Опыт дружбы
Опыт дружбы1

Однажды вечером в марте 1882 года в Риме несколько друзей собрались в доме Мальвиды фон Мейзенбух. Неожиданно раздался еще один звонок. В комнате появилась управляющая и шепнула на ухо хозяйке некую потрясающую новость, после чего Мальвида поспешила к секретеру и, достав деньги, вышла. Когда, смеясь, она вернулась, прозрачная косыночка из черного шелка от волнения соскользнула с ее головы. Вместе с Мальвидой в комнату вошел молодой Пауль Рэ, ее давнишний друг, которого она любила как сына. Он примчался из Монте-Карло, чтобы вернуть долг человеку, ссудившему ему деньги, когда Пауль проиграл буквально все до последнего су.
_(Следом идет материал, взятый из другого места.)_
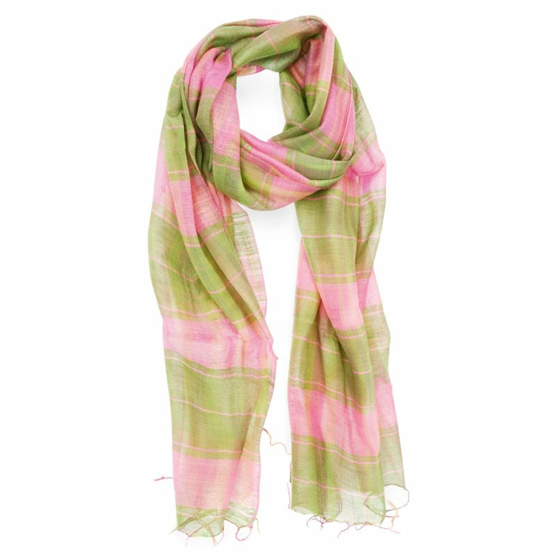 Pink & Green Plaid Silk-Blend Scarf with Tassels

Меня слегка взволновало начало наших отношений, в чем-то забавное и неожиданное: завязались они почти мгновенно - возможно потому, что Пауль Рэ, над которым парил некий ореол неординарных событий, разом затмил все происходившее до него. Его выразительный профиль, умные глаза показались мне близкими, в них явно читались раскаяние, юмор и доброта.

В тот вечер наша страстная, взахлеб, беседа закончилась глубоко за полночь. После многочисленных уловок задержаться - и так продолжалось потом все вечера - мы покинули Ла Виа делла Полверьерра и отправились в пансион, где я жила с мамой. Эти прогулки по улицам Рима, освещенным луной и звездами, сблизили нас настолько, что я, не мешкая, принялась разрабатывать изумительный план на будущее, который способствовал бы продолжению наших отношений вопреки намерению матери вернуть меня в Санкт-Петербург.

Однако Пауль Рэ, увы, совершил грубейшую ошибку: он заговорил с моей матерью о нашем браке, и в итоге мне стоило немалого труда склонить его к принятию именно моего плана. Я убедила его в том, что замкнутость моей личной жизни и моя необузданная потребность в свободе диктуют мне совершенно иные задачи.

Сознаюсь честно: я была совершенно убеждена в том, что мой план - настоящее оскорбление общепринятых норм, и тем не менее план этот был осуществлен, хотя сначала я увидела все это во сне. Мне приснился замечательный рабочий кабинет с книгами и цветами, где проходили наши беседы, рядом - 2 спальни, а в зале - веселый и одновременно серьезный круг друзей-единомышленников.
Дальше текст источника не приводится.